Dose response function for diphenyleneiodonium chloride (DPI) administered immediately after training. Retention was tested 2 hr post-training (* P < 0.05).


TIME OF ADMINISTRATION STUDY

DPI (1 μm) was administered (20 μl/volume per chick) to different groups of chicks at 1 hr or 5 min prior to training, immediately after training, or at 5, 10, 15, 20, 25, 30, or 40 min after training. Control chicks were administered the vehicle 5 min post-training, and all chicks were tested 2 hr post-training.

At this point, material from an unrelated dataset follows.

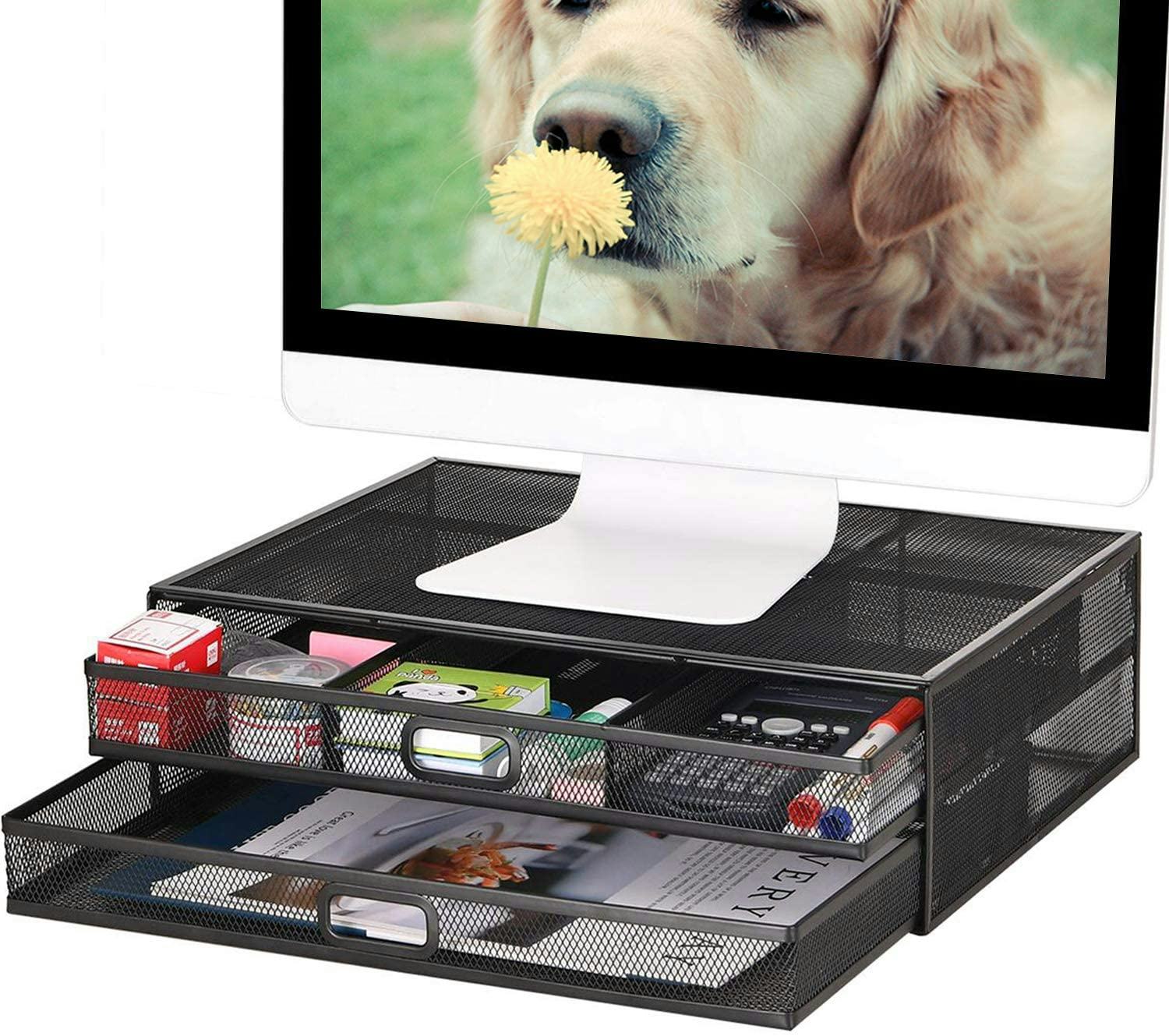 This monitor stand performs double duty, acting as a riser that elevates your screen to a comfortable viewing angle (see ya later, sore neck) while also offering a place to stash desk essentials, like sticky notes, paperclips, and pens. It's a two-in-one way to clear up clutter while making your workday much more comfortable.

Retention at 120 min post-training was markedly impaired when 1 μm DPI was administered at any time between 5 and 20 min post-training (Figure 2). A one-way ANOVA revealed a significant time of administration main effect [F(10,225) = 6.735, P < 0.001], and post hoc Dunnett's tests confirmed that retention levels of chicks administered DPI at 5, 10, 15, or 20 min post-training were significantly lower than those of control chicks. The finding that administration of DPI must occur within 20 min of learning is similar to that observed with the less specific NO inhibitors, NArg, and l-NAME (Rickard et al. 1998). Furthermore, the efficacy of post-training injections confirms that this effect of eNOS inhibition is on memory processes rather than on acquisition of the task.

Figure 2.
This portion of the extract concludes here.